# Cross product invariant under SO(3)-matrices?

1. Apr 30, 2010

### Marin

Hi there!

I'm trying to prove the following obvious statement, but am somehow stuck :(

Let $$\vec a,\ \vec b\in\mathbb{R^3}$$ , let M be in SO(3) and x be the cross product

prove: $$M(\vec a\times\vec b)=M\vec a\times M\vec b$$

I tried using the epsilon tensor, as in physics, but it doesn't really produce an opportunity, as you can convince yourself:

$$(M\vec a\times M\vec b)_i=\varepsilon_{ijk}(M\vec a)_j(M\vec b)_k=\varepsilon_{ijk}M_{jl} a_l M_{km}b_m...$$

where as usual summation is over repeated indices

Now I want to use the fact that M is orthogonal, i.e.
$$M_{ij}M_{jk}^t=\delta_{ik}$$,
and preserves the orientation of the basis but I don't know where exactly this has to come into the proof...

What I want to end up with is

$$...=M_{ij}\varepsilon_{jkl}a_kb_l=(M(\vec a\times\vec b))_i$$

The statement seems to me obvious and can be envisioned very quickly by the right-hand-rule; I don't know why establishing it makes real problems

If you have any idea, I'd be glad to see it :)

With regards,
marin

2. Apr 30, 2010

### Simon_Tyler

Hi Marlin,

I'll give you a hint (mainly 'cause I'm too lazy to latex up the answer)
The 'preserving the orientation of the basis' bit is equivalent to saying det(M)=1
Rewrite the determinant using the epsilon tensor then a little algebraic rearrangement should get you the result.
(The formula I'm thinking of can be found http://en.wikipedia.org/wiki/Cross_product#Algebraic_properties"...)

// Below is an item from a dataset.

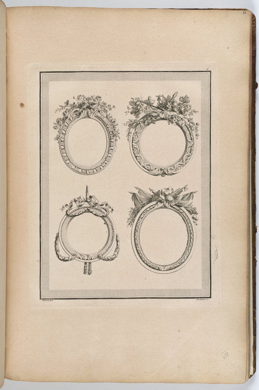 Oeuvres contenant un recueil de trophées, attributs, cartouches, vases, fleurs ornemens Et plusieurs Desseins agréables pour broder des Fauteuils ; Composés et dessinés par Ranson, et gravés par Berthaut et Voysard. 1778.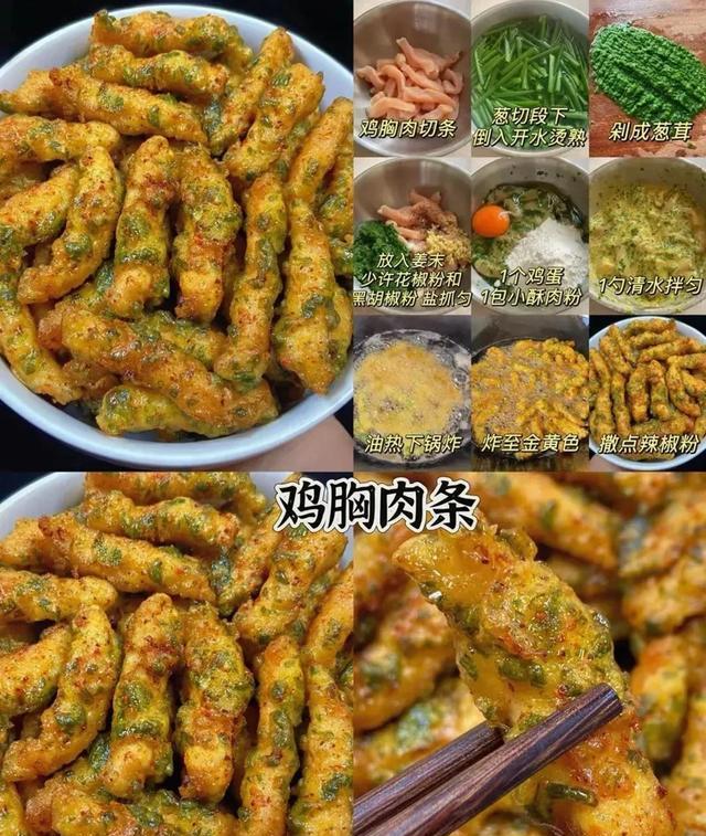 鸡胸肉条是将鸡胸肉削成长方块,加入调味品煎炸而成的一道菜,主要成分为鸡胸肉。

Last edited by a moderator: Apr 25, 2017
3. May 1, 2010

### Live2Learn

Last edited by a moderator: Apr 25, 2017
4. May 1, 2010

### Marin

Thanks a lot :)

5. May 5, 2010

### Live2Learn

More Generally
Where A is any invertable 3x3 matrix and M(A) is the matrix of the minors of A

$$A\vec a\times A\vec b=M(A)(\vec a\times\vec b)$$

I got this result by playing with the algebra. Hope I didn't make a mistake.